[[ Source material open ]]

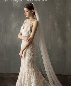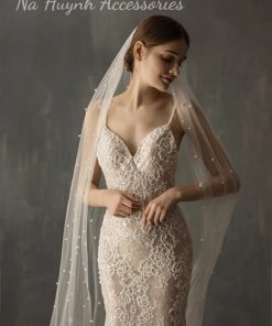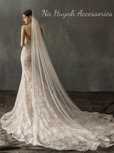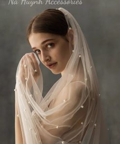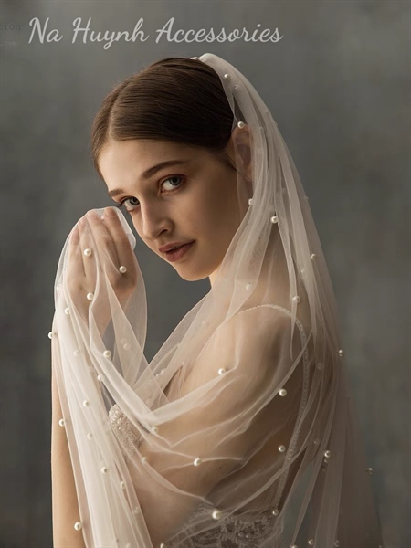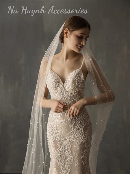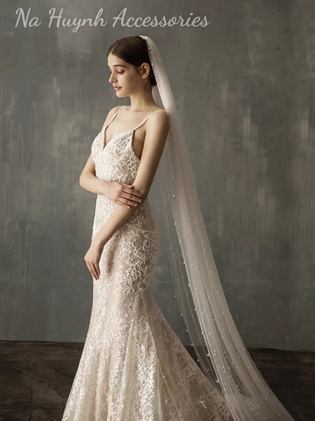 VOAN DÀI ĐÍNH HẠT TRAI 1 LỚP VOAN LÚP CÔ DÂU MÀU TRẮNG – 230CM Có Cài
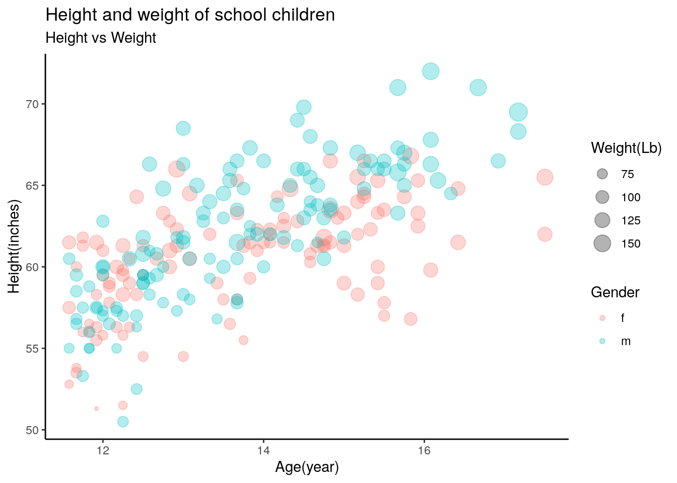p+labs(title="Height and weight of school children",subtitle="Height vs Weight",x="Age(year)",y="Height(inches)",size="Weight(Lb)",color="Gender")+guides(size=guide_legend(order=1),color=guide_legend(order=2))+theme_classic()
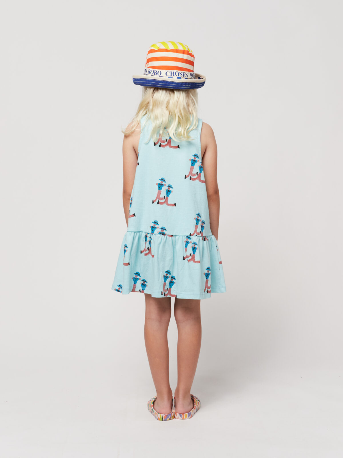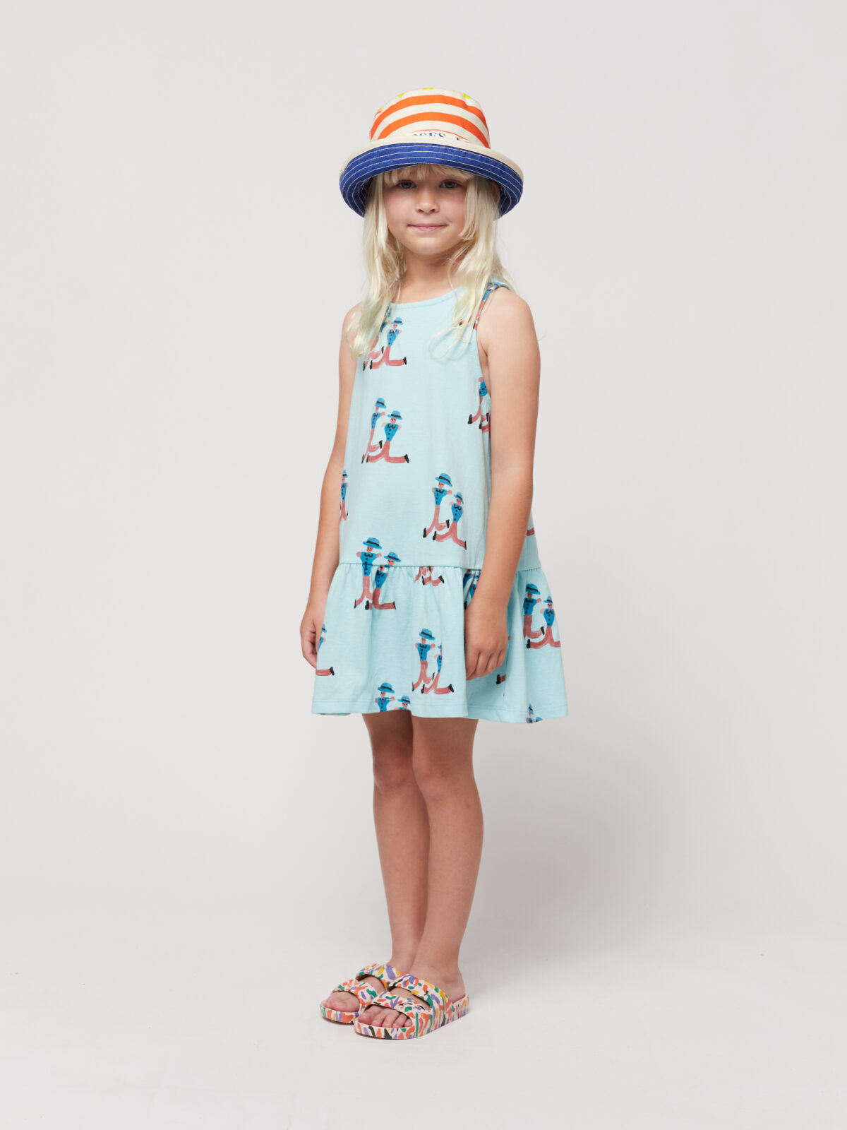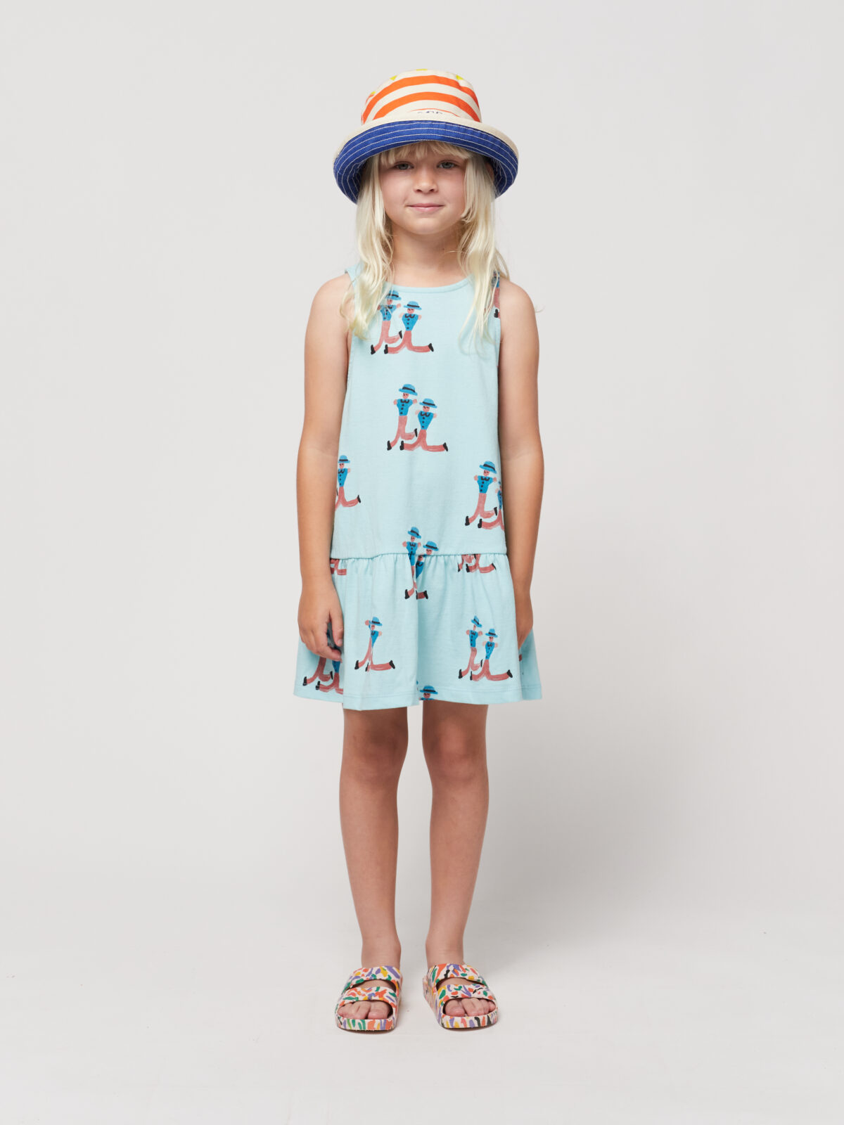 Sukienka na ramiączka od hiszpańskiej marki Bobo Choses w kolorze niebieskim z motywem tańczących ludzików.
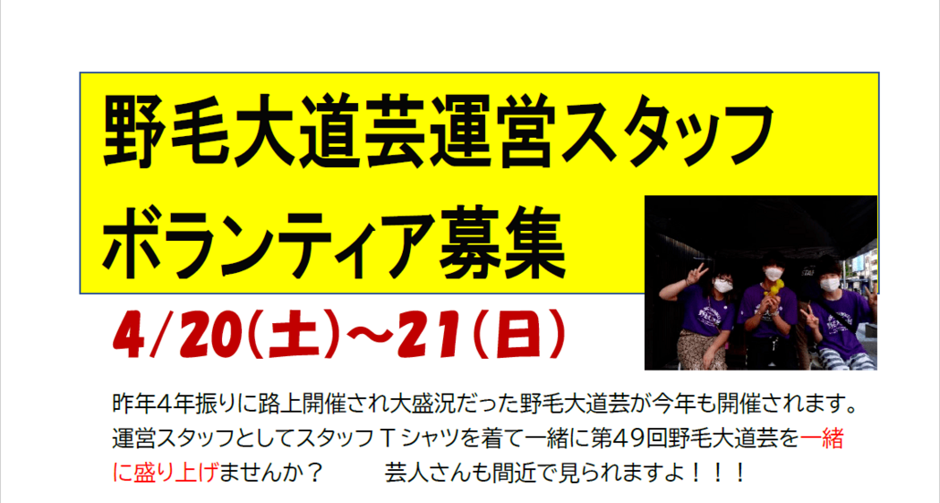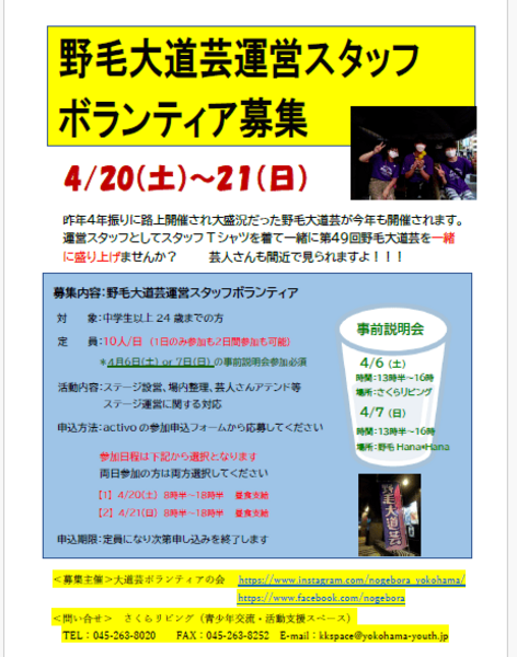 - 【募集】野毛大道芸を一緒に盛り上げませんか? 運営スタッフボランティア募集!
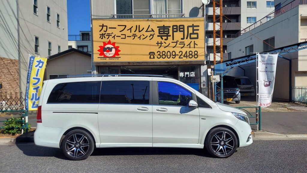 お客さんと打合せ運転席、助手席にステルスビジョンを施行させていただきました。
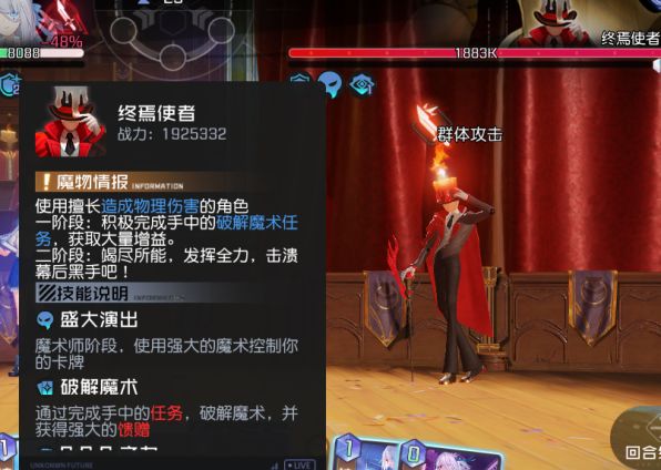 大家好,我是鱼丸(>ω・* )ノ最近真的是有超级多的小伙伴在问10-40该怎么过,恰好本次更新也下调了boss的难度,那么今天我将完整为大家介绍这个难缠的boss 终焉使者的攻略,一起跟着我来看看吧。Boss终焉使者:总血量:5618k,一阶段血量:1883K,二阶段血量:3735k一阶段:魔术师阶段在本阶段boss会使用强大的魔术控制你的卡牌,并附带难缠的额外效果。我们需要做的,就是破
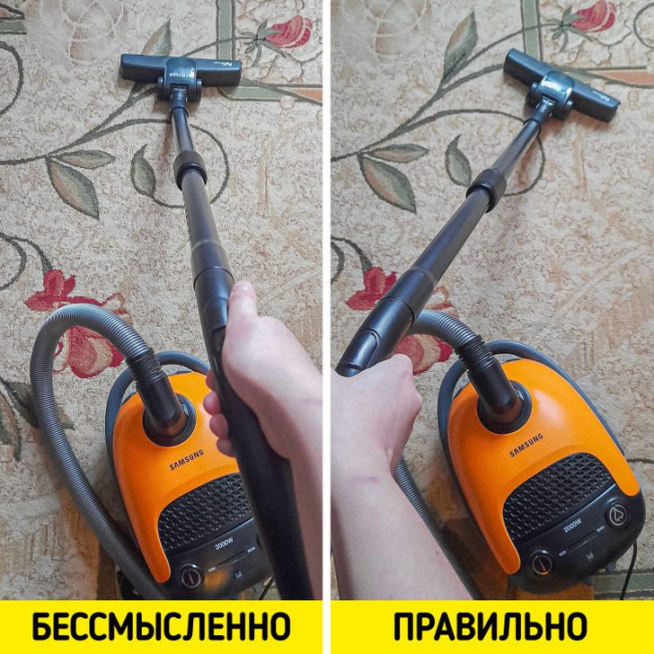 Бытовало мнение, что пылесосить ковры нужно в одном направлении. Но это лишь превращает уборку в пустую трату времени, ведь пыль и грязь могут «прятаться» в волокнах ковра. Чтобы очистить их полностью, следует двигать щетку пылесоса вперед-назад и слева направо.
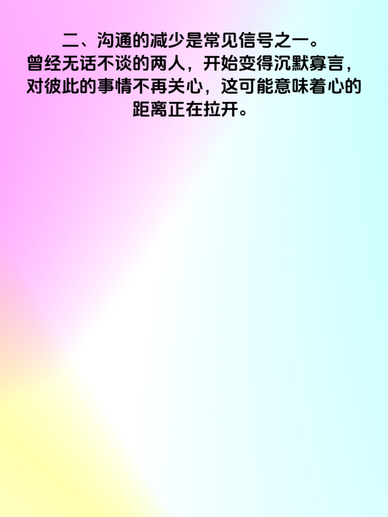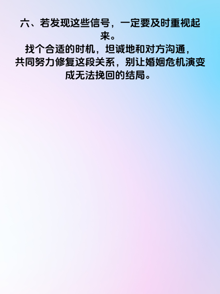 一、婚姻,本应是爱情最美的归宿,却也可能在不经意间亮起红灯。当婚姻出现危机时,往往会有一些信号悄然浮现,千万别忽视它们。 二、沟通的减少是常见信号之一。曾经无话不谈的两人,开始变得沉默寡言,对彼此的事情不再关心,这可能意味着心的距离正在拉开。 三、频繁的争吵也是危险信号。一点小事就大动干戈,互不相让,每一次争吵都可能在感情的堤坝上撕开一道口子。 四、开始注重自己的隐私,手机不离身,不愿对方触碰自己的东西,这或许暗示着心里藏了秘密。 五、对家庭事务不再上心,以前积极参与,现在却总是推脱,这反映出对这段婚姻的热情在消退。 六、若发现这些信号,一定要及时重视起来。找个合适的时机,坦诚地和对方沟通,共同努力修复这段关系,别让婚姻危机演变成无法挽回的结局。
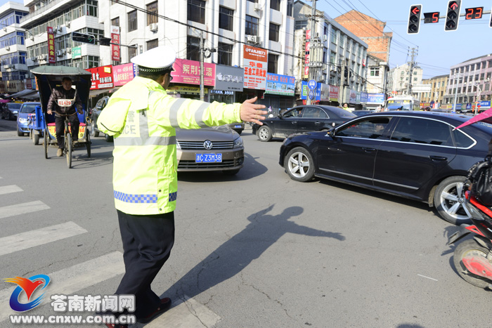 苍南新闻网2月5日消息:今天中午,县城城中路与建兴路交叉路口,几位交警正忙着在指挥交通。春节临近,县城街道堵车现象十分严重,交警忙得不可开交,每天上路执勤时间比平时多四个小时以上,内勤人员也到路面维护秩序。
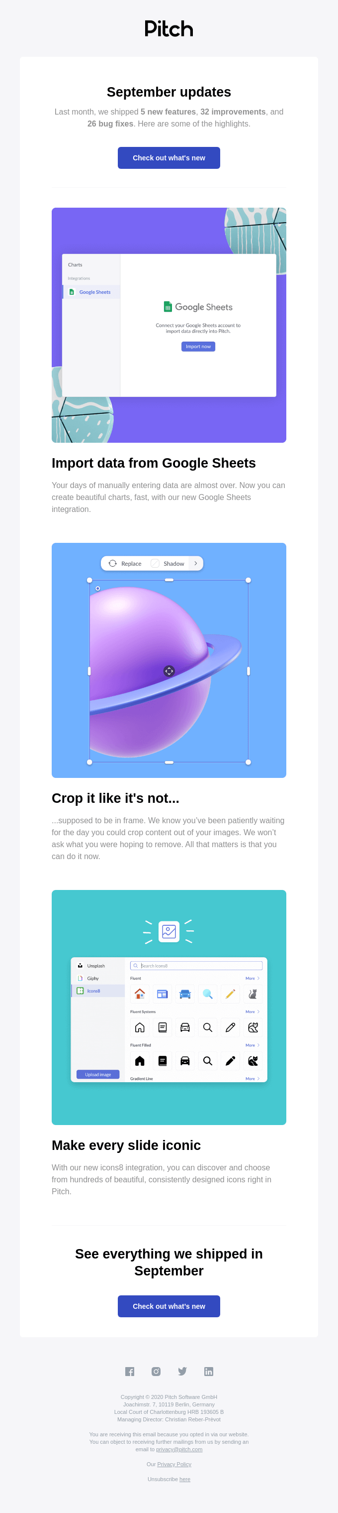 ✨New in Pitch: Integrations & image cropping 🙌 - Newsletter Text Content September updates Last month, we shipped 5 new features, 32 improvements, and 26 bug fixes. Here are some of the highlights. Import data from Google Sheets Your days of manually entering data are almost over. Now you can create beautiful...
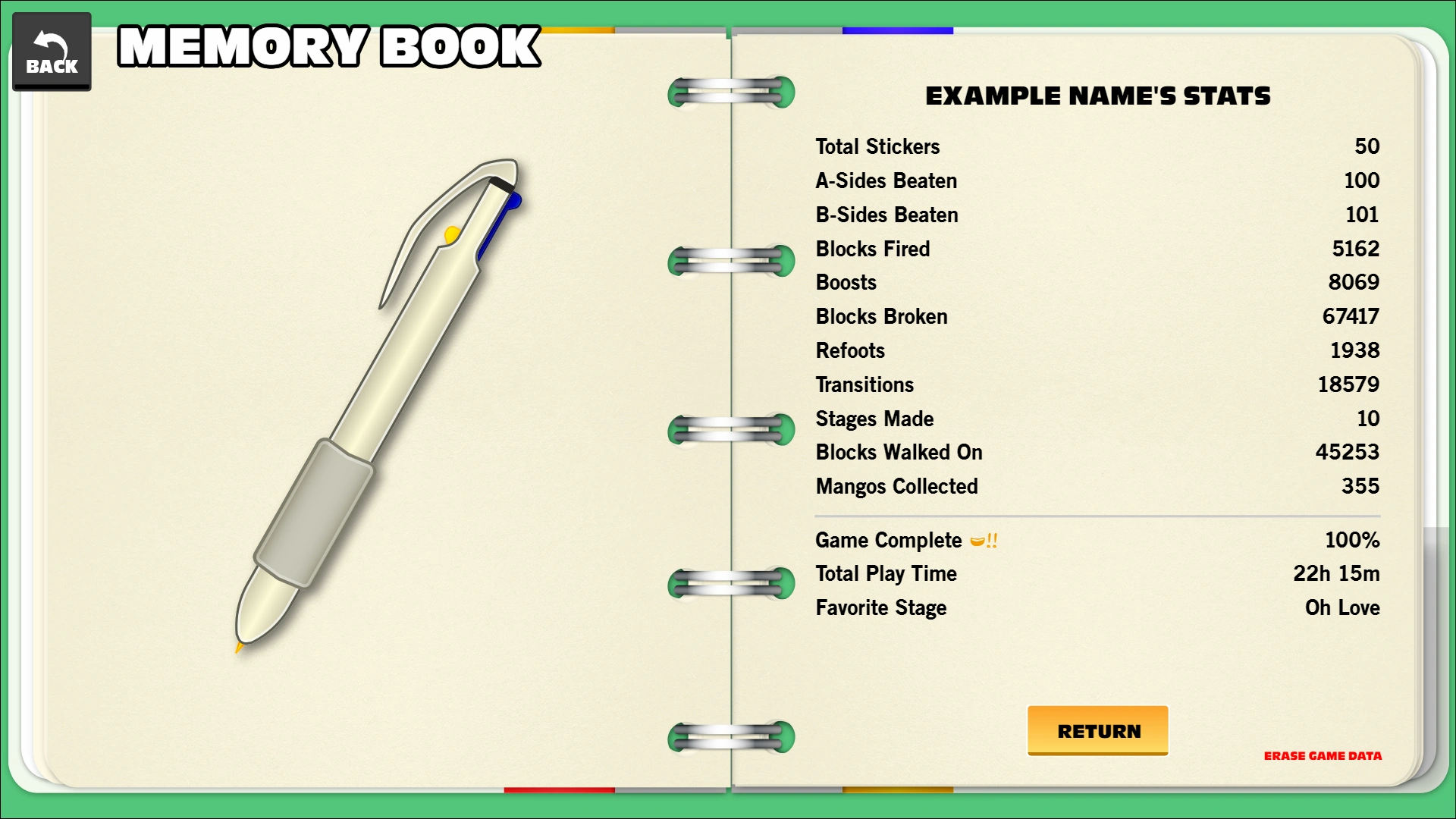 - B-Sides Beaten: Number of B-Side levels the player has completed.
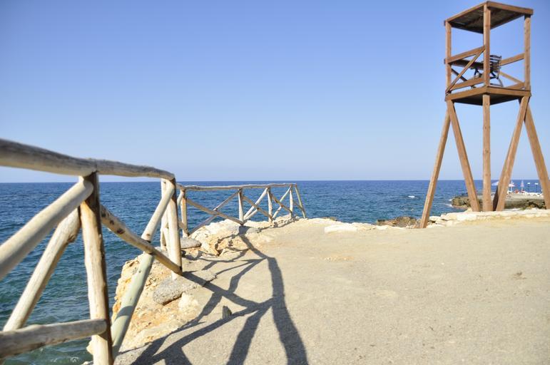 Keywords: greece crete beach sea sandy beach beautiful beach sand island view lookout tower holiday
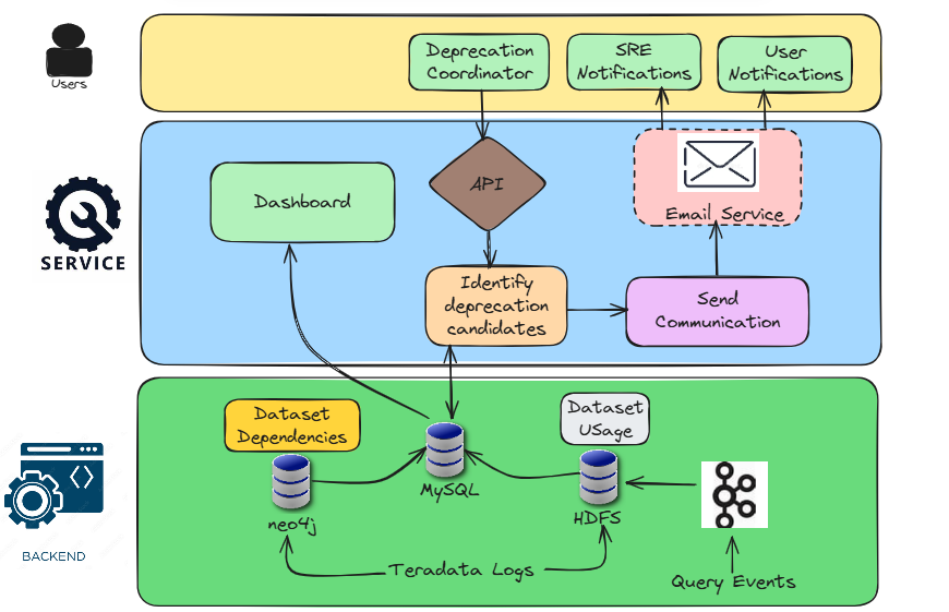 However, there were no existing tools that supported LinkedIn’s complex environment of Teradata (TD), Hadoop, and other systems. While DataHub was building lineage tools, they wouldn’t be ready in time. So, LinkedIn developed its own solutions:
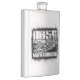 The product is a good size and came exactly as it was pictured. The lid is not attached to the flask, which could be dangerous on drunken nights... The print came out surprisingly well and looks very sharp. Would definitely recommend.

[[ Source material closed ]]

Instructions to follow.
Word for word, retype all of the data above, but include no pictures.

Answer for this exercise.
 VOAN DÀI ĐÍNH HẠT TRAI 1 LỚP VOAN LÚP CÔ DÂU MÀU TRẮNG – 230CM Có Cài
p+labs(title="Height and weight of school children",subtitle="Height vs Weight",x="Age(year)",y="Height(inches)",size="Weight(Lb)",color="Gender")+guides(size=guide_legend(order=1),color=guide_legend(order=2))+theme_classic()
 Sukienka na ramiączka od hiszpańskiej marki Bobo Choses w kolorze niebieskim z motywem tańczących ludzików.
 - 【募集】野毛大道芸を一緒に盛り上げませんか? 運営スタッフボランティア募集!
 お客さんと打合せ運転席、助手席にステルスビジョンを施行させていただきました。
 大家好,我是鱼丸(>ω・* )ノ最近真的是有超级多的小伙伴在问10-40该怎么过,恰好本次更新也下调了boss的难度,那么今天我将完整为大家介绍这个难缠的boss 终焉使者的攻略,一起跟着我来看看吧。Boss终焉使者:总血量:5618k,一阶段血量:1883K,二阶段血量:3735k一阶段:魔术师阶段在本阶段boss会使用强大的魔术控制你的卡牌,并附带难缠的额外效果。我们需要做的,就是破
 Бытовало мнение, что пылесосить ковры нужно в одном направлении. Но это лишь превращает уборку в пустую трату времени, ведь пыль и грязь могут «прятаться» в волокнах ковра. Чтобы очистить их полностью, следует двигать щетку пылесоса вперед-назад и слева направо.
 一、婚姻,本应是爱情最美的归宿,却也可能在不经意间亮起红灯。当婚姻出现危机时,往往会有一些信号悄然浮现,千万别忽视它们。 二、沟通的减少是常见信号之一。曾经无话不谈的两人,开始变得沉默寡言,对彼此的事情不再关心,这可能意味着心的距离正在拉开。 三、频繁的争吵也是危险信号。一点小事就大动干戈,互不相让,每一次争吵都可能在感情的堤坝上撕开一道口子。 四、开始注重自己的隐私,手机不离身,不愿对方触碰自己的东西,这或许暗示着心里藏了秘密。 五、对家庭事务不再上心,以前积极参与,现在却总是推脱,这反映出对这段婚姻的热情在消退。 六、若发现这些信号,一定要及时重视起来。找个合适的时机,坦诚地和对方沟通,共同努力修复这段关系,别让婚姻危机演变成无法挽回的结局。
 苍南新闻网2月5日消息:今天中午,县城城中路与建兴路交叉路口,几位交警正忙着在指挥交通。春节临近,县城街道堵车现象十分严重,交警忙得不可开交,每天上路执勤时间比平时多四个小时以上,内勤人员也到路面维护秩序。
 ✨New in Pitch: Integrations & image cropping 🙌 - Newsletter Text Content September updates Last month, we shipped 5 new features, 32 improvements, and 26 bug fixes. Here are some of the highlights. Import data from Google Sheets Your days of manually entering data are almost over. Now you can create beautiful...
 - B-Sides Beaten: Number of B-Side levels the player has completed.
 Keywords: greece crete beach sea sandy beach beautiful beach sand island view lookout tower holiday
 However, there were no existing tools that supported LinkedIn’s complex environment of Teradata (TD), Hadoop, and other systems. While DataHub was building lineage tools, they wouldn’t be ready in time. So, LinkedIn developed its own solutions:
 The product is a good size and came exactly as it was pictured. The lid is not attached to the flask, which could be dangerous on drunken nights... The print came out surprisingly well and looks very sharp. Would definitely recommend.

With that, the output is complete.